Epidermis

I got a tip that skins are a very important thing to render properly. THE method to solve rendering through semi-solid objects such as skin, leaves etc. is called subsurface scattering, which can be seen here http://en.wikipedia.org/wiki/Subsurface_scattering.

The only problem with the general and near-perfect method of rendering skins using subsurface scattering is that one needs to perform light-operations per each light source. This means deferred rendering is out the window, which is bad!

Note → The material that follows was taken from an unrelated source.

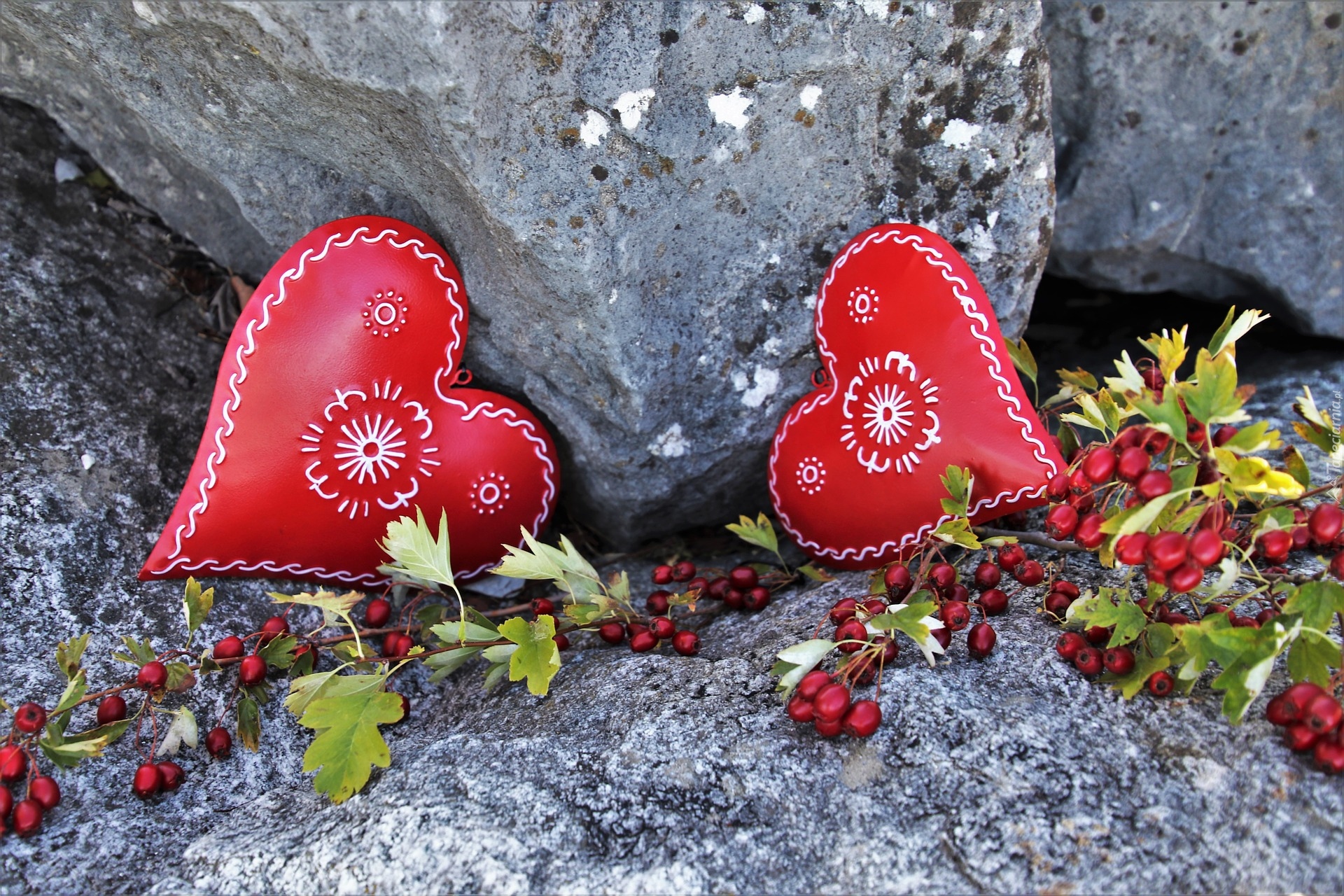 Edytor tapety: Gałązka głogu obok czerwonych serduszek na skale

So, there is method, called SSSS or Screen-Space Subsurface Scattering, which has seen use in engines such as in the Unreal 3 engine.

Our graphics artist, Samuel, thought it would be a very nice addition to Nebula if I were to add this algorithm in order to render skins properly. Here is the result:

facenosss

No Screen-Space Subsurface Scattering

facesss

With Screen-Space Subsurface Scattering

I accomplished this by adding a new MRT, which renders Absorption color, Scatter color and binary mask which masks out the area where the SSS should take place. We need to mask out the rest because we are working with this in screen-space, and must therefore be very careful exactly what we apply our algorithm too, so that ordinary static objects don’t get this effect.

The algorithm itself is simply a horizontal and vertical bloom, where the light is blurred instead of the color depending on the depth of nearby pixels. This, combined with a Gaussian distribution which ‘favors’ reddish hues gives the effect that skin appear more life-like since it simulates light being spread under the surface of the skin.

The exact implementation in Nebula uses two passes. One pass is the standard boring old skinning pass, which calculates lighting, albedo, emissive and specularity. Then, we render all geometry which uses the SSS process, and while doing so we render out the absorption map and scatter map. Also, we render a small data buffer, which holds our variables, such as SSS width, SSS strength, and the SSS correction factor, as well as a bit which tells us if a certain pixel should be SSS:ed or not. Then we apply our screen-space post effect which runs the actual algorithm, performing the above seen image. This means that we can perform per-object settings for the SSS, while still rendering the result in screen-space. I also fixed a minor glitch with the original implementation, which gave artifacts when the edges of the screen cut a subsurfaced area by using the mirror address mode for the sampler, which means that pixels along the border of the screen wont suffer from wrapping samples, which in turn removes the artifact.

The red rectangle shows an artifact which occurs when using a wrap address mode

The red rectangle shows an artifact which occurs when using a wrap address mode

I also applied the same technique to the HBAO shader, seeing as it previously suffered from the same problem with artifacts along the screen borders.